EXERCISE REQUIREMENTS:
An exact copy of all the lines below is required, with every image left out.

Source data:
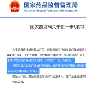 为了整治行业乱象,2022年3月30日,国家药监局发布了关于调整《医疗器械分类目录》部分内容的公告(下称“30号公告”),明确将射频美容仪纳入第三类医疗器械监管,自2024年4月1日起,未依法取得医疗器械注册证的射频治疗仪、射频皮肤治疗仪类产品不得生产、进口和销售。
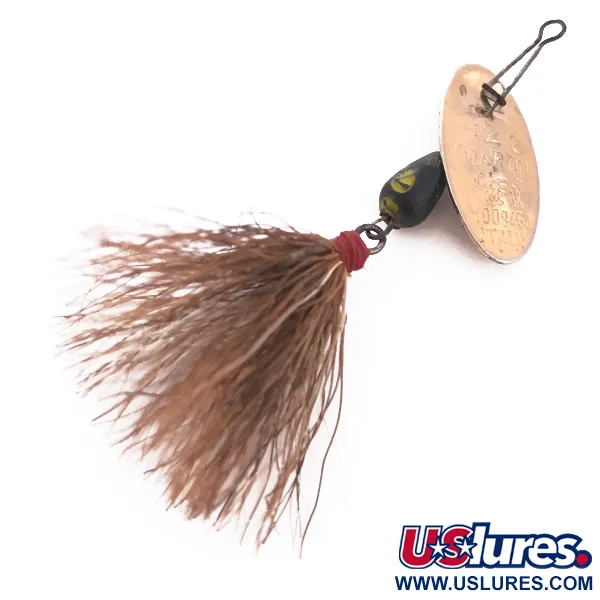 Tämän vintage-kuntoisen Panther Martin 2 -lippauistimen koveraan kultaiseen lippaan on leimattu "Italy", mikä edustaa klassista eurooppalaista osaamista yhden historian menestyneimmän taimenlipan takana. Painoltaan 2,4 g (3/32 oz) oleva uistin hyödyntää ainutlaatuista, suoraan runkolankaan kiinnitettyä lippaa, joka alkaa pyöriä välittömästi veteen osuttuaan. 5 cm (2") runko on viimeistelty pisaranmuotoisella, mustalla ja keltapilkullisella rungolla, johon on yhdistetty tuuhea ruskea bucktail-karvatupsu näkyvällä punaisella sidoksella. Tämä yksilö, tuotekoodiltaan 4016, on 5/5-kunnossa, eikä kultauksessa tai karvapyrstössä ole merkkejä kulumisesta. Toisin kuin tavalliset lipat, tämän mallin lippa luo laajan liikkeen ja voimakkaan värinän, joka auttaa kaloja löytämään vieheen. Yläosan kestävä lankasilmukka on suora ja valmis lukolle tai suoralle solmulle.
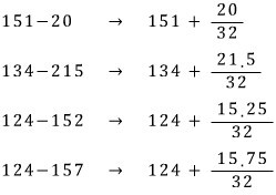 - Two digits after the dash: straightforward, $\tfrac{\text{number}}{32}$.
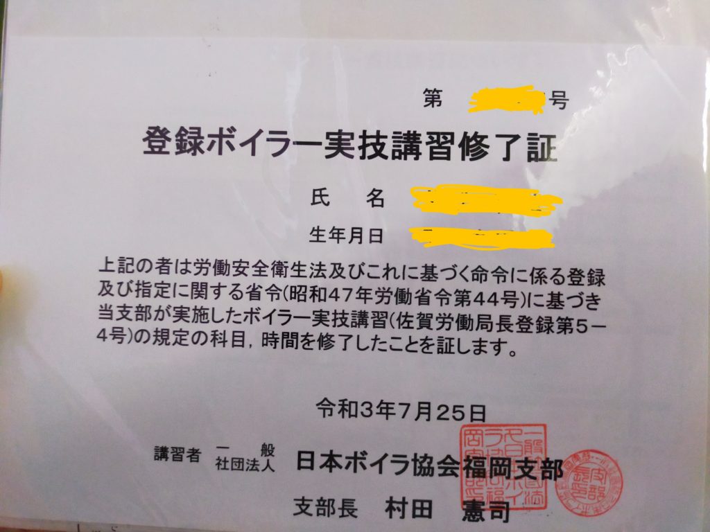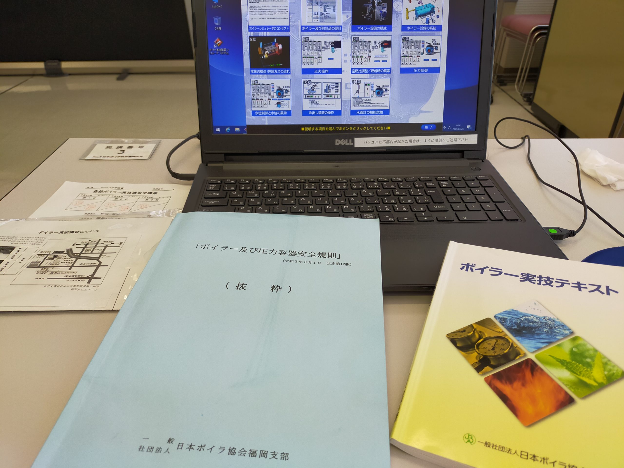 免許証の交付には、実技経験が必要とのこと。ボイラー協会主催の登録ボイラー実技講習を受けます。まるっと三日間。
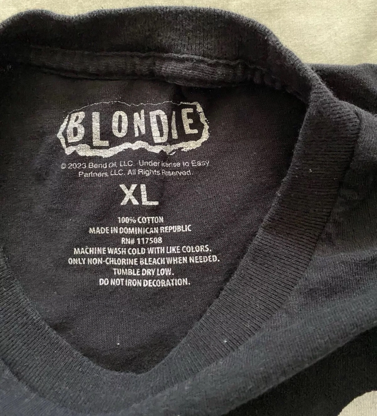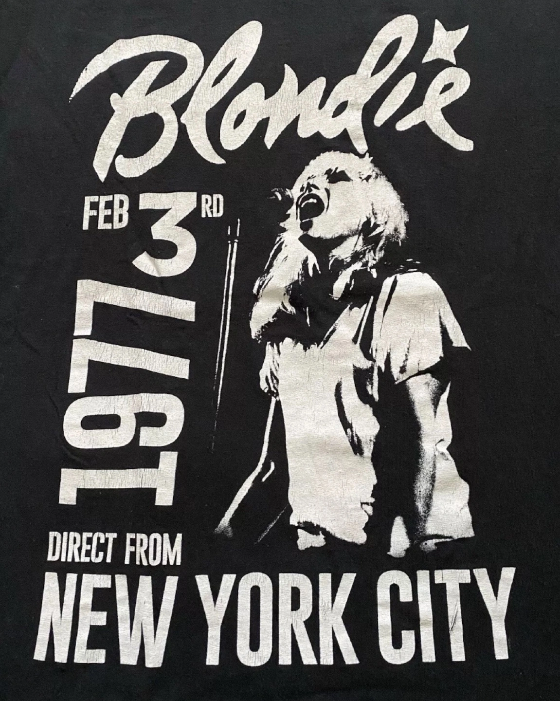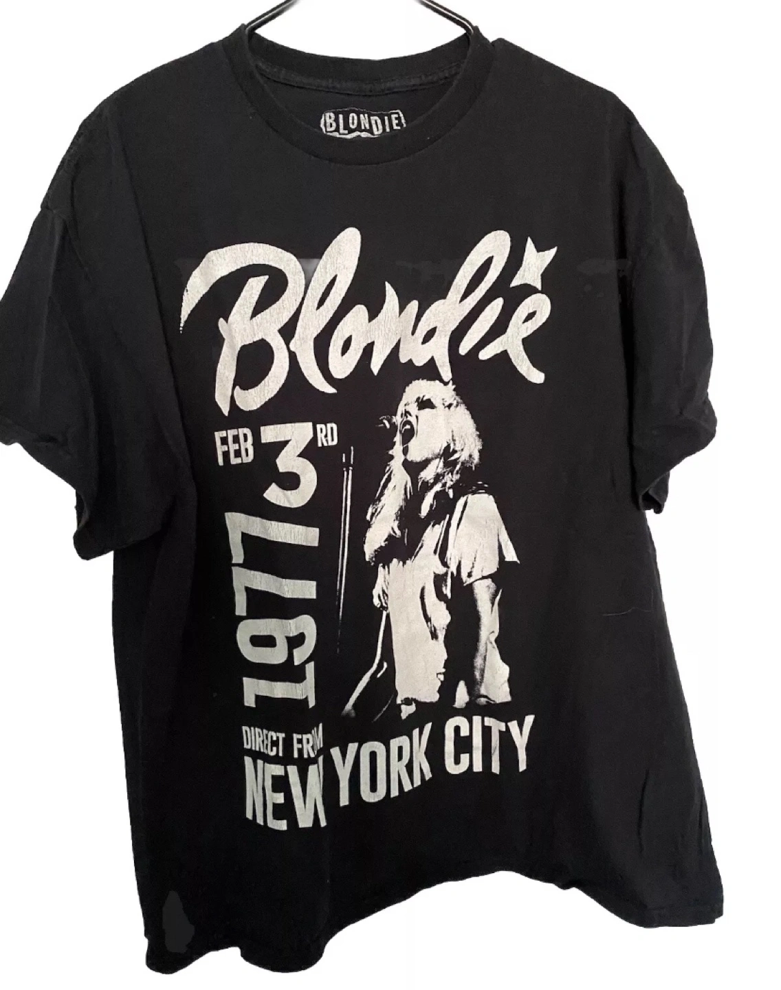 Black t-shirt featuring a picture of Blondie, the text 'Feb 3rd 1977', 'Direct From New York City', and 'Blondie' on the front. Size XL.

WRITTEN ANSWER:
 为了整治行业乱象,2022年3月30日,国家药监局发布了关于调整《医疗器械分类目录》部分内容的公告(下称“30号公告”),明确将射频美容仪纳入第三类医疗器械监管,自2024年4月1日起,未依法取得医疗器械注册证的射频治疗仪、射频皮肤治疗仪类产品不得生产、进口和销售。
 Tämän vintage-kuntoisen Panther Martin 2 -lippauistimen koveraan kultaiseen lippaan on leimattu "Italy", mikä edustaa klassista eurooppalaista osaamista yhden historian menestyneimmän taimenlipan takana. Painoltaan 2,4 g (3/32 oz) oleva uistin hyödyntää ainutlaatuista, suoraan runkolankaan kiinnitettyä lippaa, joka alkaa pyöriä välittömästi veteen osuttuaan. 5 cm (2") runko on viimeistelty pisaranmuotoisella, mustalla ja keltapilkullisella rungolla, johon on yhdistetty tuuhea ruskea bucktail-karvatupsu näkyvällä punaisella sidoksella. Tämä yksilö, tuotekoodiltaan 4016, on 5/5-kunnossa, eikä kultauksessa tai karvapyrstössä ole merkkejä kulumisesta. Toisin kuin tavalliset lipat, tämän mallin lippa luo laajan liikkeen ja voimakkaan värinän, joka auttaa kaloja löytämään vieheen. Yläosan kestävä lankasilmukka on suora ja valmis lukolle tai suoralle solmulle.
 - Two digits after the dash: straightforward, $\tfrac{\text{number}}{32}$.
 免許証の交付には、実技経験が必要とのこと。ボイラー協会主催の登録ボイラー実技講習を受けます。まるっと三日間。
 Black t-shirt featuring a picture of Blondie, the text 'Feb 3rd 1977', 'Direct From New York City', and 'Blondie' on the front. Size XL.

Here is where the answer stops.